When the user clicks the screen in a particular place when the program is in a particular state (e.g., over a button displayed in a dialog box), then execute an operation.
When an HTTP request arrives, then read the body, process it, and return an HTTP response with the results
When a sensor triggers an interrupt, then change a GUI readout from red to green
When the system sends a shutdown message, then close and flush all logs

Questions to consider

How do we choose a programming language? You’re not just choosing a programming language, you’re also implicitly deciding which subset of language features to use. This is predicated, of course, on knowing about these features. It’s best to inform yourself about what your language/libraries/runtime (let’s call it a software-development tool) can do for you—or find someone who is well-informed to help.

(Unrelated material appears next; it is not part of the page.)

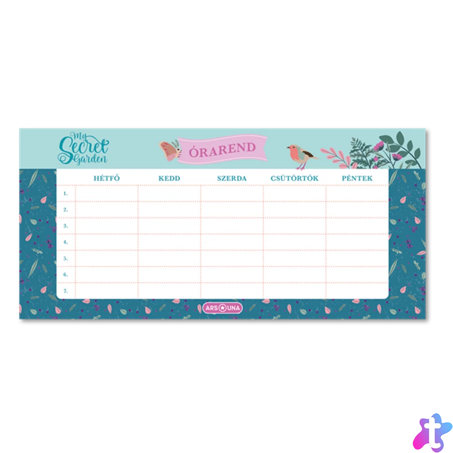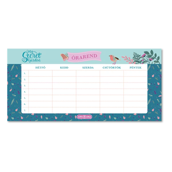 Kétoldalas, magyar nyelvű órarend A és B hét beosztással. 250 gr-os félfényes műnyomó papírra, 4 szín nyomással nyomott.
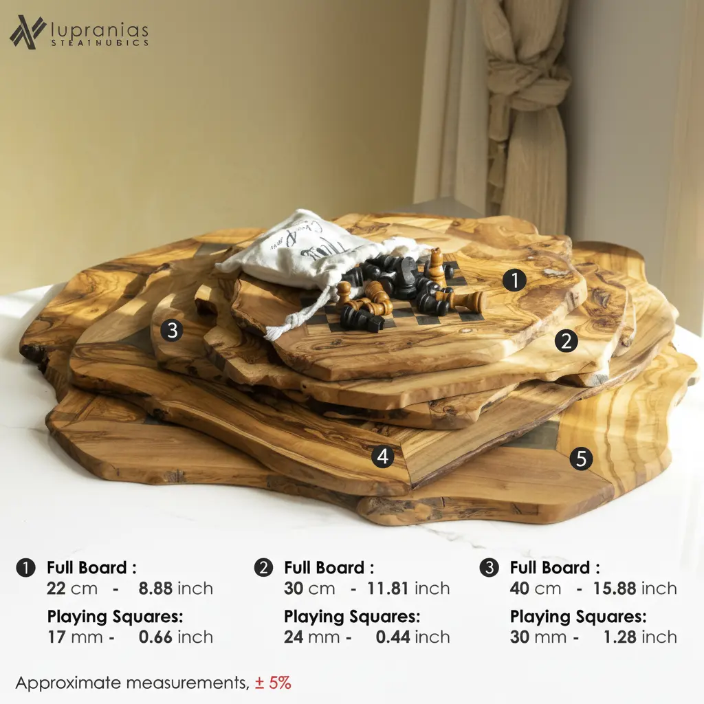 Experience the beauty of irregular finishes that make each chess set truly one-of-a-kind. The natural variations in the olive wood ensure that no two pieces are exactly alike, adding to the set's authentic charm. The hand-carved details on each chess piece demonstrate the skill and dedication of Tunisian artisans who have perfected their craft over generations. This chess set not only serves as a functional game but also as a work of art that reflects the rich cultural heritage of olive wood craftsmanship.

For each feature, you should ask yourself: how useful is it? Does it help me achieve my task?

Let’s take a look at high-level features of a software-development tool that may be important.

Maintainability

By whom? What level of programmer?
How much will a certain part need to change?

Comprehensibility

By whom? What level of programmer?
Are you applying the “rule of least power”? That is, are you using the simplest, most effective tool in your arsenal? To know this, you have to expand your arsenal … and then use it judiciously
Low syntax noise

Discoverability

Can you use the IDE and code-completion to learn the API?
How much documentation do you need?
How much on-boarding would a new developer need?
How easy would it be to hand off to another person or team?

Learnability

Even if not especially discoverable, how learnable is the code?
Are the patterns consistent?
Is the API clear?

Strictness / Correctness

Error-free is strongly encouraged or enforced

Complexity

Inherent vs. Accidental

Idiomatic

Is it written in a way that other programmers of this language or framework can easily understand?

Testability

Can you write semantically useful tests?
Is it easier to write a test than to debug?

Debuggability

Can your debugger set a breakpoint on all of the important bits?
Can you even debug it?
Is there too much magic?
Is there so much generalization that you can’t figure out what’s going on?

Observability

Is there sufficient logging to figure out what’s going on without debugging? (This is important once the product is in the field.)
What about error-handling? Are problems separated from errors?[1]
Can the developer predict what’s happening and measure it?
How’s your telemetry?
Could the software be monitored if needed?

Performance

Does it need to be fast?
All of it? Or just parts?

For code designed to be reusable (libraries, frameworks), you can also consider:

Completeness: degree to which the definition/API captures all facets of the problem domain
Expressiveness: Concise and precise
Flexibility: Applicability to different problem domains

Which of the features above matters more depends on what you’re building. A one-off script doesn’t need to satisfy many of these features. A full-blown application that needs to be maintained for 10-20 years by different teams has to be much, much more careful.

Encodo White papers archive

These white papers were written from 2006 to 2019 when I was still employed at Encodo Systems AG. They expand on recommended practices of specific facets of software development. They are presented in reverse-chronological order, but can be read in any order.

DI, IOC and Containers (2019)
Clean and Safe Code (2019)
Testing as First-Class Citizen (2019)
Code Reviews (2017)
Document Everything (2017)
Continuous Integration and Delivery (2017)
Component-based Design (2006)
Design by Contract (2006)
Test-driven Development (2006)

Videos

This is a YouTube playlist I’ve maintained for years that I continuously update whenever I watch a video that I think would be interesting for other developers. It’s only technology videos, but it’s pretty eclectic (i.e., it’s language- and technology-agnostic).

Developer suggestions (YouTube)

Conclusion

Pace yourself. You can’t have everything all at once. Programming takes wisdom. Wisdom takes time. It takes practice. It comes, or it doesn’t. It takes different forms.

As Rainer Maria Rilke wrote in 1903 [2],

“Forschen Sie jetzt nicht nach den Antworten, die Ihnen nicht gegeben werden können, weil Sie sie nicht leben könnten. Und es handelt sich darum, alles zu leben. Leben Sie jetzt die Fragen. Vielleicht leben Sie dann allmählich, ohne es zu merken, eines fernen Tages in die Antwort hinein.”

Good luck.

[1] See The Error Model by Joe Duffy.↩

[2] h/t to Ömer for making me aware of this great piece of writing.↩